-- TASK GOAL --
At the line with "Архитектура МДМ располагает", start transcribing; stop after the last line of the data below. Keep it exact and leave pictures out.

(Beginning of TASK INPUT)

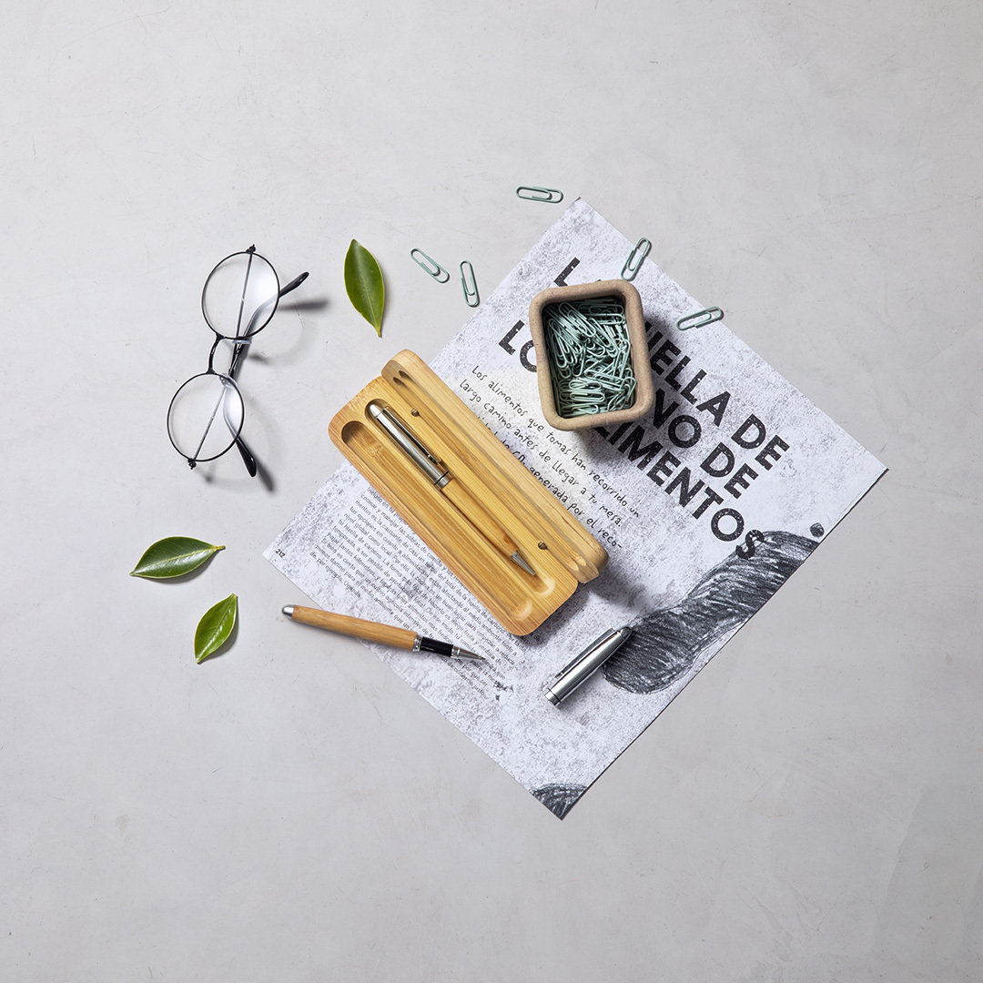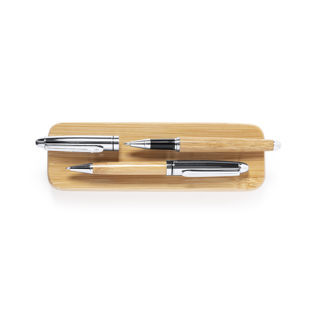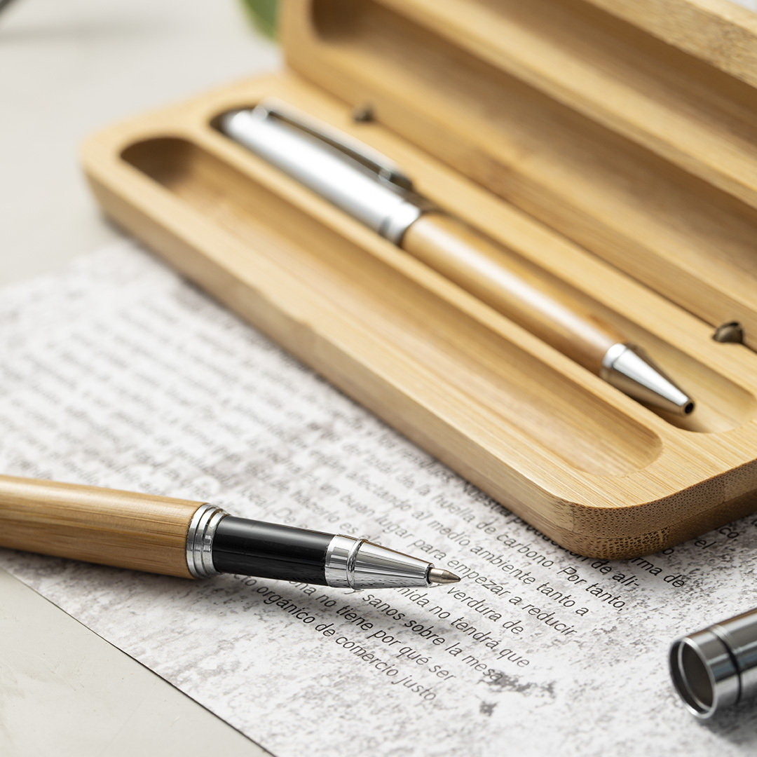 Vino y accesorios hosteleriaSet de bolígrafo y roller de línea nature. Fabricado en combinación de bambú con metal, para así fomentar la utilización de materias primas naturales y reducir las emisiones contaminantes. Bolígrafo de mecanismo giratorio en tinta azul. Roller con capucha, tinta gel en azul y carga jumbo. Presentado en estuche individual de bambú. Bolígrafo y Roller. Carga Jumbo
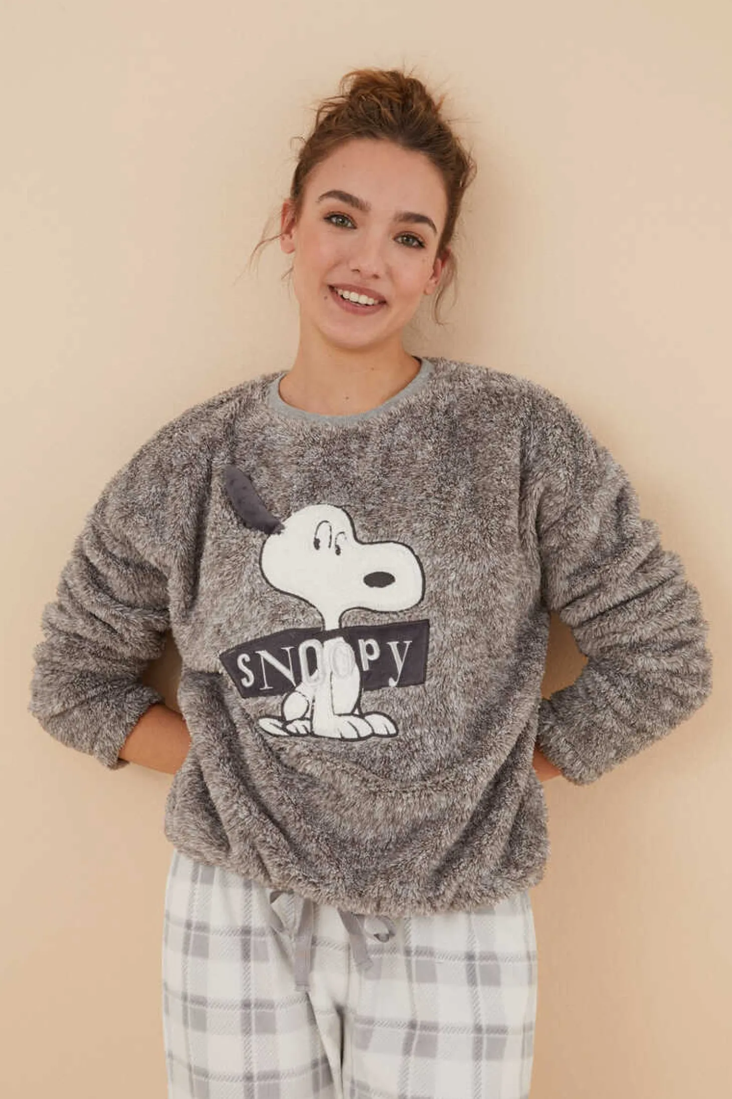 Pijama Com Divertido Estampado Do Snoopy, De Manga Comprida Em Pelo Esponjoso E Calcas Compridas Em Polar Suave. Perfeito Para As Mais Friorentas: Ideal Para Do … Rmir Quentinha Ou Estar Em Casa Sem Passar Frio Nenhum.
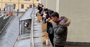 Архитектура МДМ располагает к тому, чтобы поесть у входа в кафе: сегодня дождливо и ветрено, а там как раз есть крыша. Бортик здания удачно превратился в импровизированную барную стойку. Зимой, конечно, все это никого не спасет — слишком холодно, но будем надеяться, что эти ограничения ввели действительно всего на неделю, а не до 1 января, как некоторые сплетничают.
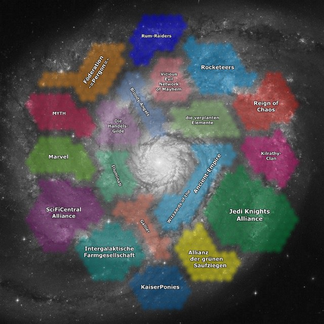 Auch das Gilde-Netzwerk mit GILDE, BASIS, ES und HANSE hat eine beeindruckende Größe angenommen. Ob die Meta auch eine militärische Macht darstellt oder nur einen Haufen von Scheckbuch-Diplomaten wird sich zeigen.
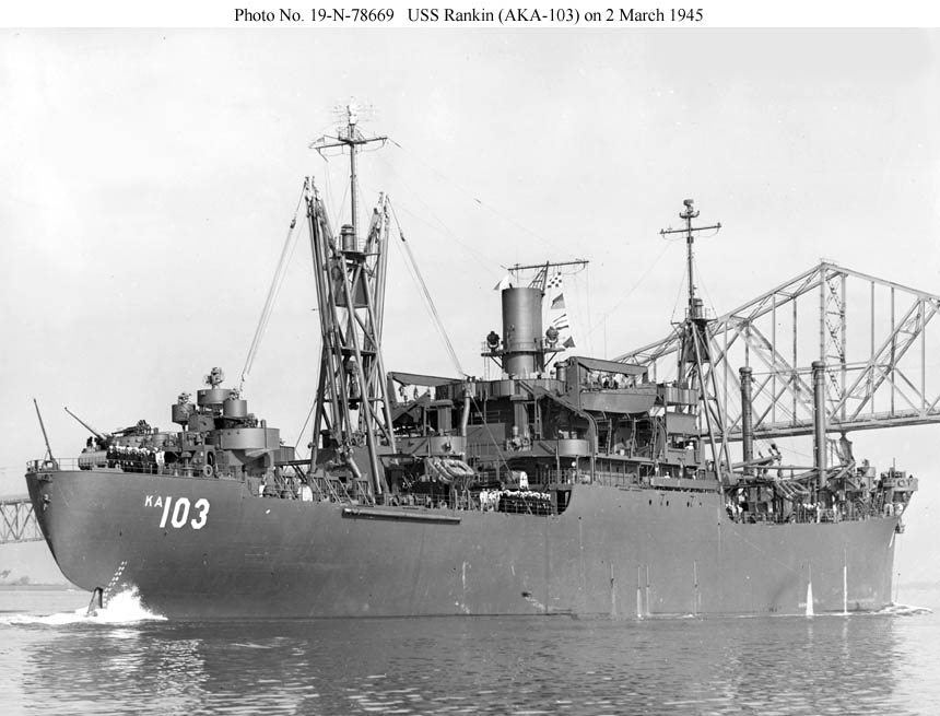 123k | USS Rankin (AKA-103) under way date and location unknown. US Navy photo by David Hodurski. |

(End of TASK INPUT)

-- WRITTEN REPLY --
 Архитектура МДМ располагает к тому, чтобы поесть у входа в кафе: сегодня дождливо и ветрено, а там как раз есть крыша. Бортик здания удачно превратился в импровизированную барную стойку. Зимой, конечно, все это никого не спасет — слишком холодно, но будем надеяться, что эти ограничения ввели действительно всего на неделю, а не до 1 января, как некоторые сплетничают.
 Auch das Gilde-Netzwerk mit GILDE, BASIS, ES und HANSE hat eine beeindruckende Größe angenommen. Ob die Meta auch eine militärische Macht darstellt oder nur einen Haufen von Scheckbuch-Diplomaten wird sich zeigen.
 123k | USS Rankin (AKA-103) under way date and location unknown. US Navy photo by David Hodurski. |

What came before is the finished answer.